A Walking Artist

Whilst walking down Dundas street last sunday, I happened across a small gallery. Inside, I found a small collection of squigly drawings. They were, in fact, drawings which had been penned by a person walking through the city, along the streets.
This was interesting for several reasons. First, they drawings are not strictly representational reproductions of a frame of the city. This is because the artist draws various aspects into the picture while moving along, so the perspective is literally in flux as the picture comes together. This means if you go back to the sight where the drawing was made, there is no photograph which would be a rough approximation of it, because the perspective is litterally drawn out across time and space (the distance travelled while the activity of drawing took place).

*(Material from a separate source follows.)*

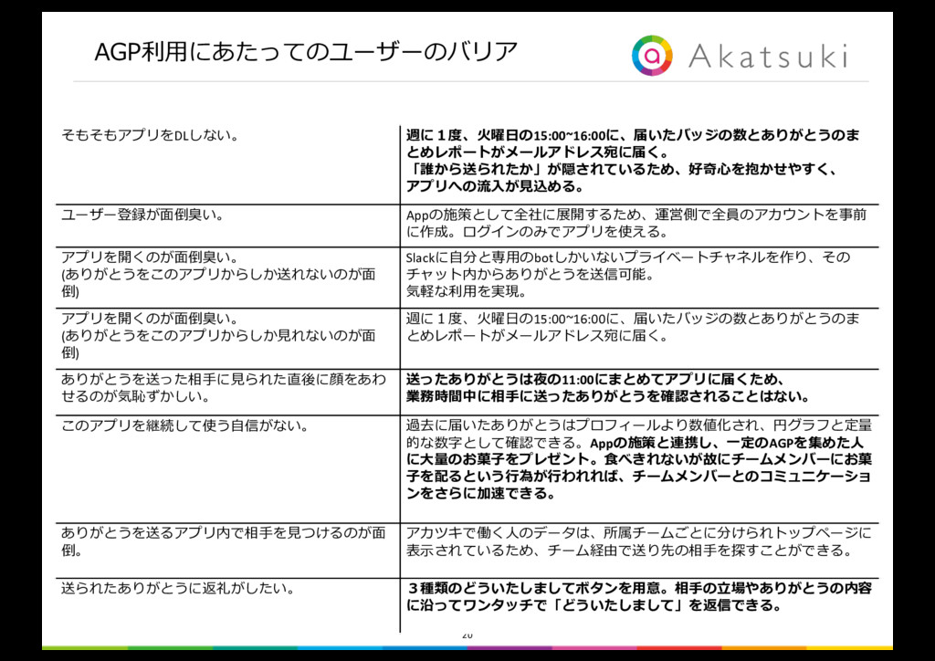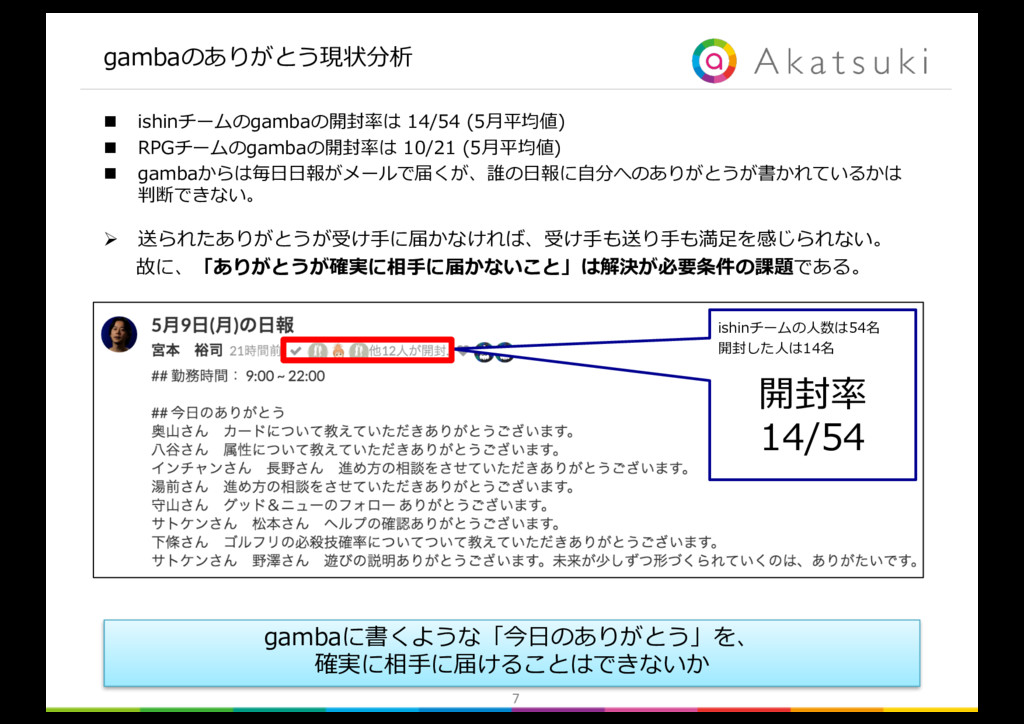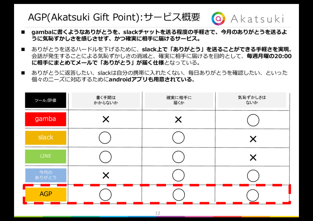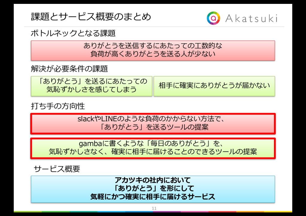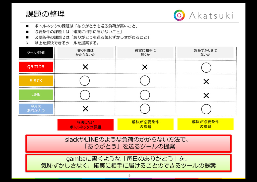 書く手間は かからないか 気恥ずかしさは ないか × × × × ◯ ◯ ◯ ◯ ◯ ◯ ◯ × 解決したい ボトルネックの課題 解決が必要条件 の課題 解決が必要条件 の課題 n ボトルネックの課題は「ありがとうを送る負荷が⾼いこと」 n 必要条件の課題1は「確実に相⼿に届かないこと」 n 必要条件の課題2は「ありがとうを送る気恥ずかしさがあること」 Ø 以上を解決できるツールを提案する。 gambaに書くような「毎⽇のありがとう」を、 気恥ずかしさなく、確実に相⼿に届けることのできるツールの提案 slackやLINEのような負荷のかからない⽅法で、 「ありがとう」を送るツールの提案

But it is even less representationalist than this – because the artist only draws things that catch the eye, so what is drawn is always something the artist is already engaged with, already recognized as meaningful (and not only as valueless object). In fact, the practice itself is direct evidence that we do not encounter objects and then ascribe value to them, but that in encountering them we always already see them as things which are meaningful, interesting, etc… In other words, what is primary is not the formal shape, but that shapes meaning.
Another sense in which the art is not representational is that the activity itself is “compromised” by the jarring-ness of walking along. The non-linear movement of walking prevents the drawings of posessing clear and distinct lines. The obvious way to account for the squigly lines is in this way – to say that the activity of drawing, which is inherently one of careful representation with accurate and distinct lines, is muddled by the walking. But this misses the point – the practice of walking while drawing is itself a practice unto itself, which means the squigly lines are not “accidental”, a “compromising” of some pure form of drawing, or at least, are not only that. What they are is a different practice of drawing, one which doesn’t attempt to cut itself off from lived experience, and then reflect back on it like a photograph, but rather, be itself part of the trauma of existence, and have the art embody that movement. In other words, whereas representational art might have as its final cause “movement”, in this art “movement” is both the final and moving cause of the art.